Our class tutor at high school was Wanda Ladniewska-Blankenheim. My history teacher was Halina Poeckhowa. A very eloquent lady, and a very beautiful one too. I remember that the husband of the owner and superior, Zygmunt Fuchs, was a professor at the Lwow Polytechnic [Poland’s oldest technical university, founded 1844], at the aerodynamics faculty [head of the Aerodynamic Laboratory at the mechanics faculty] where not a single Jew was admitted [due to Anti-Semitism in Poland in the 1930s] [14]. And he, though he was a Jew, was a professor there. The Fuchses lived in the school building and we often met the professor on the stairs. We called him Malzon, from ‘malzonek’ [Polish for ‘husband’], or Prince Husband. I know that in 1937 or 1938 they were in the United States for half a year, and he was offered tenure, but she wouldn’t agree because the school was her life’s work and she couldn’t imagine not going back. And so they returned, and both lost their lives.

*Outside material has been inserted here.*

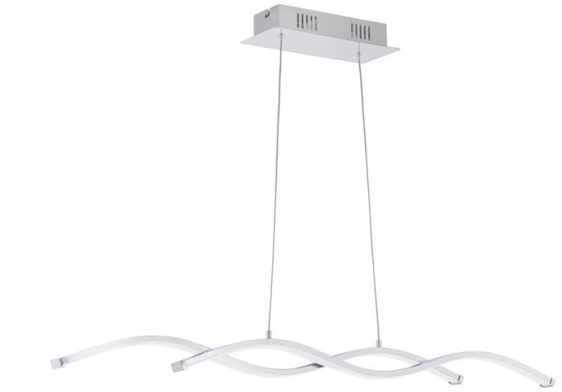Rövid ismertető Ezt a Lasana 2 kettes függesztett lámpát az Eglo gyártja. A fényt két hullám alakú 870 mm hosszú, egymástól eltolt LED fénysáv biztosítja. Burkolata króm színű acél alapból és fehér színű műanyagból áll. A hullámok szélessége 80 mm, a maximális belógása pedig 1200 mm. A belógás magasságát te állíthatod: ha magasabbra szeretnéd húzni, a fele
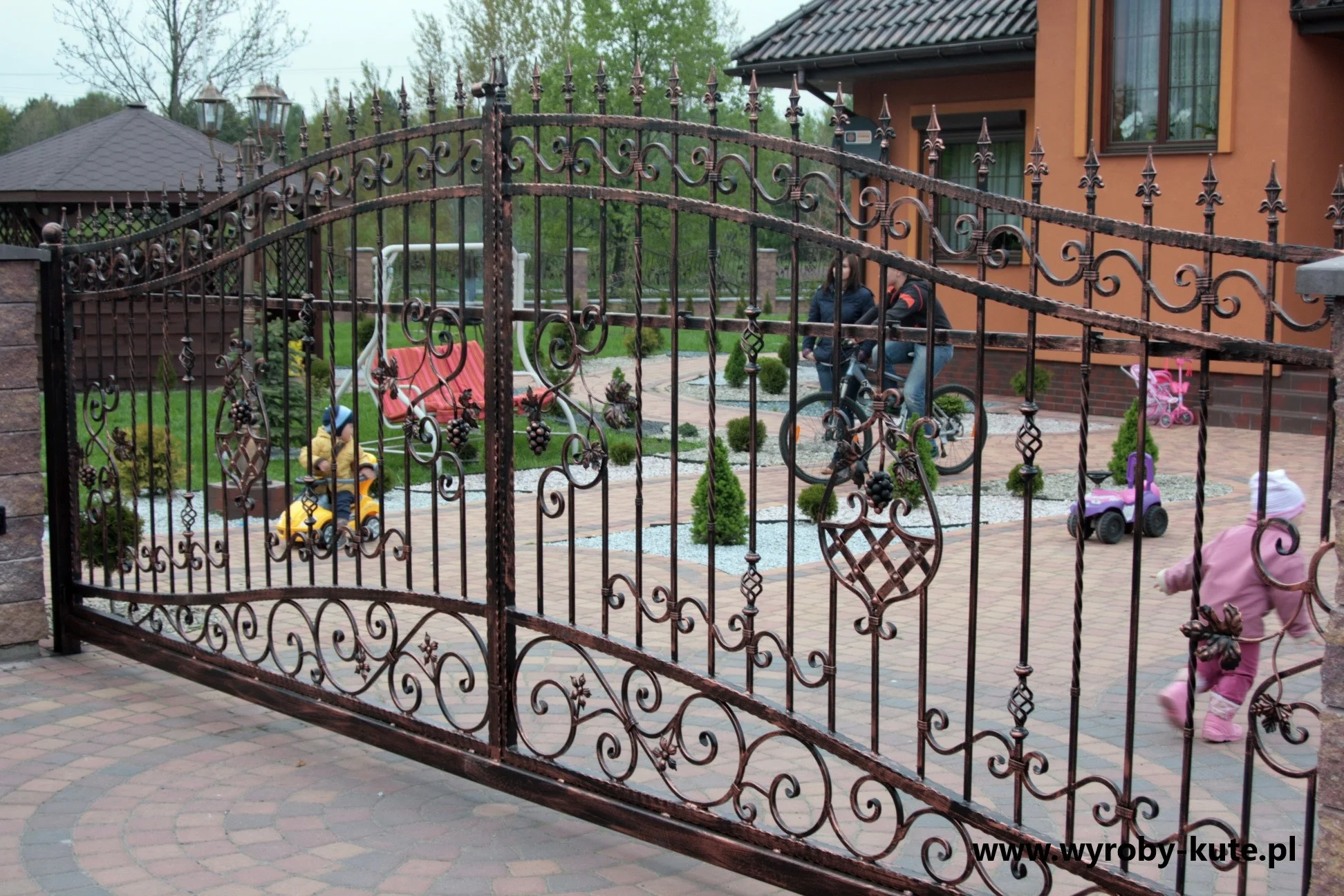 Zdjęcie w kontekście użytkowym - brama jako element codziennego życia rodziny. Klasyczna dwuskrzydłowa konstrukcja z motywem winorośli, pomalowana na kolor brązowy z patyną, tworzy ciepłe i przyjazne wejście.

On 3rd May [15] and 11th November [celebration of Poland’s independence, 1918] there were always street parades and the whole school had to attend. I don’t remember going on those parades in elementary school, but in high school we did. Obligatorily. I remember that when Pilsudski went to Madeira [Portuguese island in the Atlantic where Pilsudski took a vacation between December 1930 and March 1931], I was probably in elementary school. Each of the pupils had written a name-day greetings card that we then sent to Madeira [Pilsudski’s name day was 19th March]. There was a cult surrounding Pilsudski in elementary school and in high school, absolutely. Yes, [on the wall] there was the Polish eagle [national emblem], a portrait of Moscicki [Ignacy Moscicki, president of Poland 1926-1939], and a portrait of Pilsudski.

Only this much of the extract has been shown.